Among his benefactors were the Wesendoncks, who particularly contributed to Wagner’s well-being. What is more, Frau Wesendonck was believed to inspire the composer both as a person of good fortune and as his mistress.
Richard Wagner was a real genius with all the drawbacks of the human being. He held conviction that he was superior to other humans; he never accepted any critics from other people but for himself and regarded his works to be free from any failures. He had a legion of demands on his wives, friends, mistresses, and musicians, and his household revolved solely around his personality.
Friedrich Nietzsche met Wagner being a young philosopher. He was so much enchanted by Wagner that he compared him with a god who let other people bask in the light of his powerful and radiant personality. Wagner was in fact a little bit less, than an embodiment of god himself. And on understanding this Nietzsche turned away from his former idol. Wagner could never forgive Nietzsche for this desertion.
Putting apart all the adversities of his personality one must pay tribute to his creative energy that instigated the appearance of unprecedented music, dramas and critical essays. His creative achievements outweigh his personal drawbacks and behavior toward other people. Wagner’s works were lucky enough to survive prejudiced relation of later composers.
Wagner’s music has since been praised for its noble and romantic textures, melodic originality, innovative orchestration, and the original concept of the Gesamtkunstwerk (an attempt to find a force coordinating all kinds of arts in one unique entity), yet many people criticize the plots of his operas for their proto-Fascist moods, as well as "paganism" of their creator.

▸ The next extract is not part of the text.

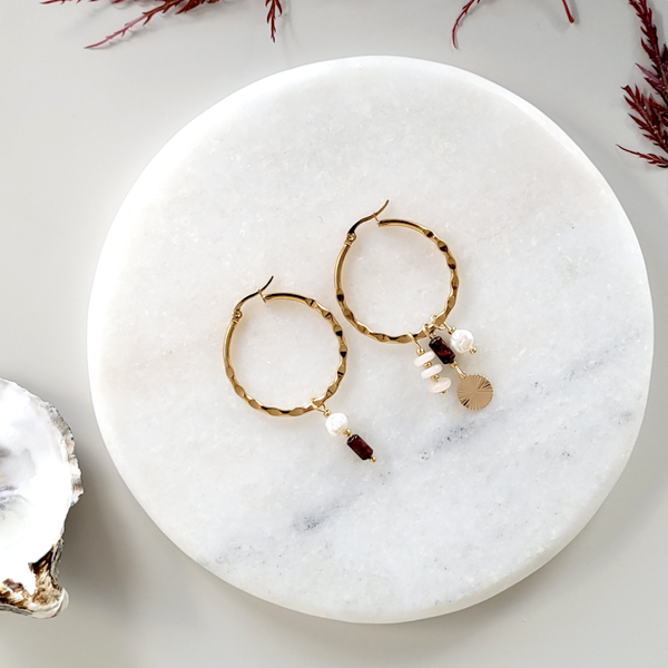 Goudkleurige creolen van RVS met hangers van edelsteen en zoetwaterparels.

Richard Wagner was also a prolific writer, the author of numerous books, articles, critical essays and poems. His personal correspondence is also of great significance for future generations. His interests included music, philosophy, politics, and scrupulous analyses (although often contradictory) of his operas. Among his best-known assays are Opera and Drama (1851), My Life, an autobiography started in 1880, and critical assay where he relegated the role of Jewish composers.
Wagner was also the author of some theatrical innovations introduced at his opera house called Festspielhaus in Bayreuth. There were used such innovations, as darkening the concert hall during performances, hiding the orchestra in special pit, so that the audience could be unaware of its presence. This famous place still attracts opera fans, who come to Bayreuth every summer for the annual Festival, dedicated to the renowned composer Richard Wagner.